EXERCISE OBJECTIVE:
Retype each record below word for word, pictures excluded.

========

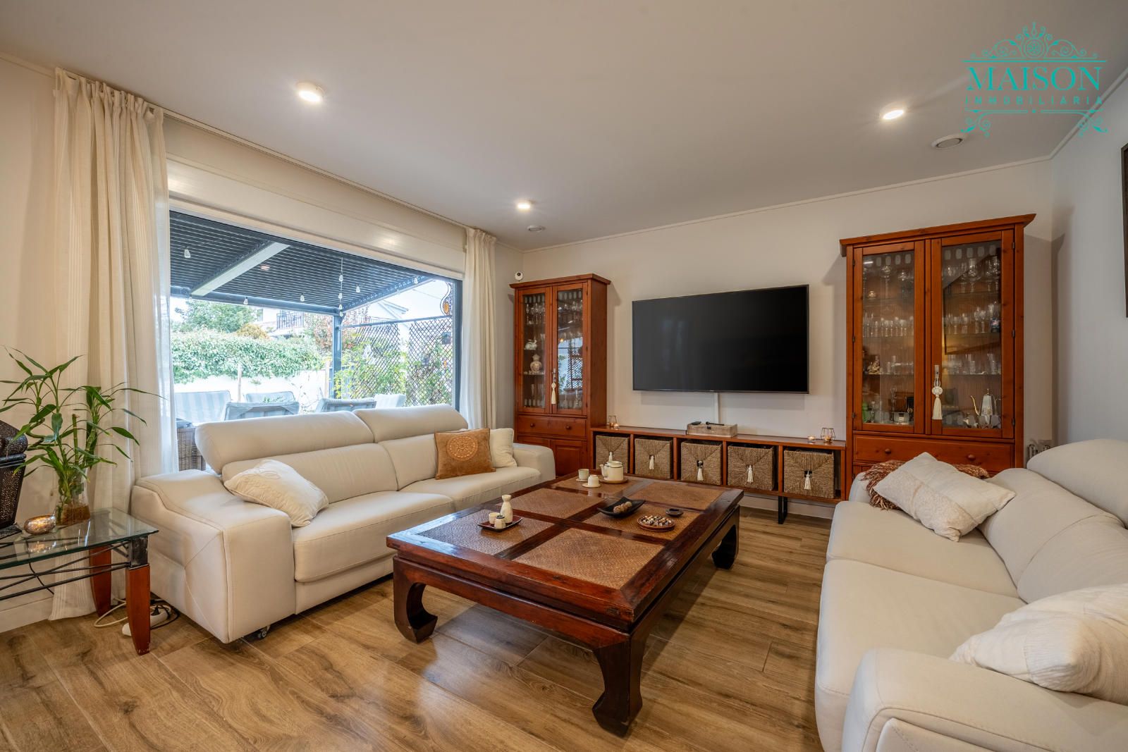 Este chalet independiente tiene armarios empotrados, placas solares, calefacción mediante aerotermia, puerta entrada con aislante acústico y térmico con anclajes, puertas de madera blancas, suelo radiante, que además de tener la calefacción tiene suelo refrescante para el verano, ventanas PVC oscilobatientes climalit de doble cámara, mosquiteras en todas las ventanas, pintura lisa, pérgola bioclimática, cocina de gas con instalación de electricidad para vitro o inducción, etc.
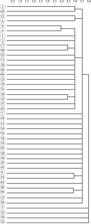 Отсутствие достоверных изменений между всеми группами животных по 26 исследованным показателям (масса животных и внутренних органов; морфология и биохимия крови, морфометрические показатели реакции тканей в месте имплантации) подтверждено кластерным анализом, выполненным методом одного звена с использованием авторской программы доктора биологических наук М. И. Гладышева (рис. 6.10).
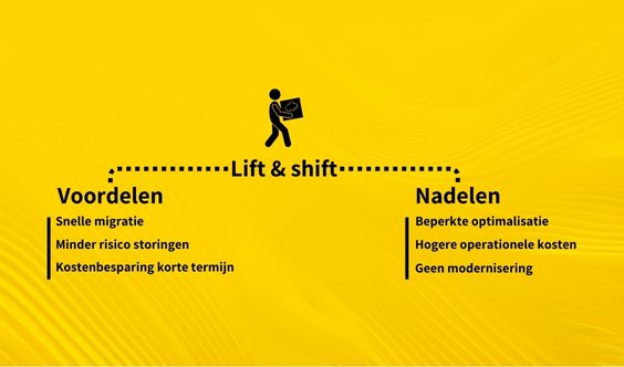 Met het Lift & Shift cloud migration scenario kies je voor een aanpak met een laag risico. Je kunt bijvoorbeeld heel simpel teruggaan naar de bestaande omgeving en het is snel te implementeren. Veel organisaties kiezen voor deze strategie als tussenstap om vanuit de nieuwe omgeving te bouwen aan het nieuwe IT-landschap en zo daadwerkelijk van de meerwaarde van de cloud te kunnen profiteren.
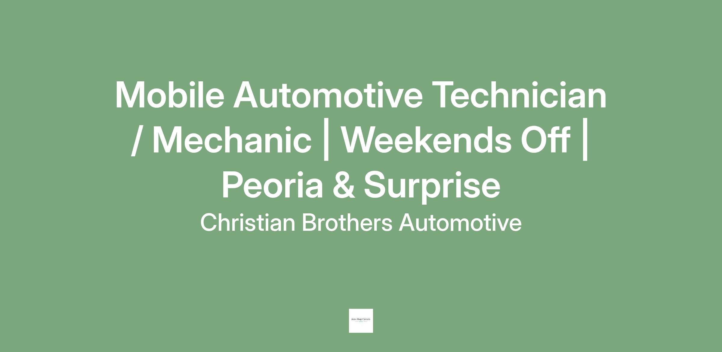 As a Mobile Automotive Technician/Mechanic at Christian Brothers Automotive, your primary responsibility is to deliver high-quality automotive repair and maintenance services directly to our guests' locations. You will operate a Christian Brothers Automotive branded mobile repair vehicle equipped with state-of-the-art technology and resources to diagnose and fix various vehicle issues.
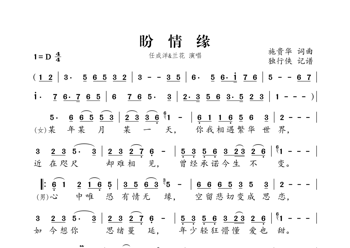 《盼情缘》是任成洋、兰花演唱的一首歌曲,拍号为4/4拍,这份简谱共有一张高清图谱,图谱由 @独行侠 编配上传。
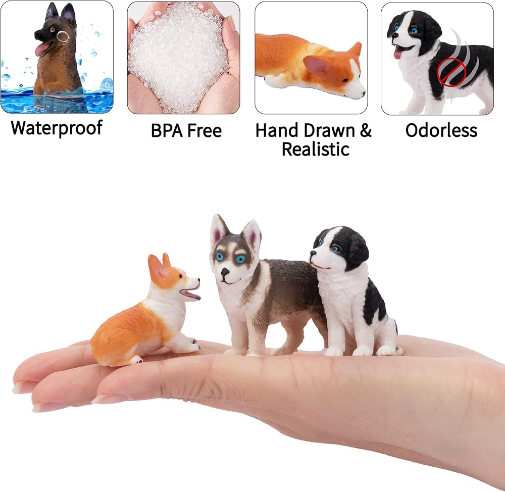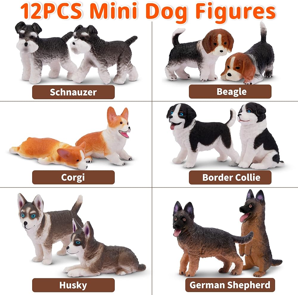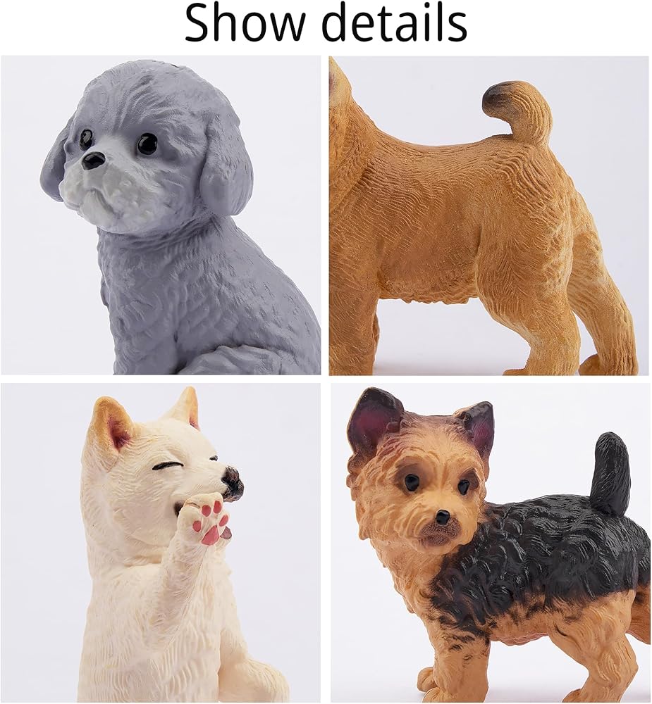 【Educational Animals Playset】 These puppy figures were excellent for crafts, imaginative play, party favors, school projects. It will support the training of children's imagination and creativity. The parent-child bond will be strengthened if parents read their children stories about dogs joyful lives.

========

SOLUTION FOR THIS TASK:
 Este chalet independiente tiene armarios empotrados, placas solares, calefacción mediante aerotermia, puerta entrada con aislante acústico y térmico con anclajes, puertas de madera blancas, suelo radiante, que además de tener la calefacción tiene suelo refrescante para el verano, ventanas PVC oscilobatientes climalit de doble cámara, mosquiteras en todas las ventanas, pintura lisa, pérgola bioclimática, cocina de gas con instalación de electricidad para vitro o inducción, etc.
 Отсутствие достоверных изменений между всеми группами животных по 26 исследованным показателям (масса животных и внутренних органов; морфология и биохимия крови, морфометрические показатели реакции тканей в месте имплантации) подтверждено кластерным анализом, выполненным методом одного звена с использованием авторской программы доктора биологических наук М. И. Гладышева (рис. 6.10).
 Met het Lift & Shift cloud migration scenario kies je voor een aanpak met een laag risico. Je kunt bijvoorbeeld heel simpel teruggaan naar de bestaande omgeving en het is snel te implementeren. Veel organisaties kiezen voor deze strategie als tussenstap om vanuit de nieuwe omgeving te bouwen aan het nieuwe IT-landschap en zo daadwerkelijk van de meerwaarde van de cloud te kunnen profiteren.
 As a Mobile Automotive Technician/Mechanic at Christian Brothers Automotive, your primary responsibility is to deliver high-quality automotive repair and maintenance services directly to our guests' locations. You will operate a Christian Brothers Automotive branded mobile repair vehicle equipped with state-of-the-art technology and resources to diagnose and fix various vehicle issues.
 《盼情缘》是任成洋、兰花演唱的一首歌曲,拍号为4/4拍,这份简谱共有一张高清图谱,图谱由 @独行侠 编配上传。
 【Educational Animals Playset】 These puppy figures were excellent for crafts, imaginative play, party favors, school projects. It will support the training of children's imagination and creativity. The parent-child bond will be strengthened if parents read their children stories about dogs joyful lives.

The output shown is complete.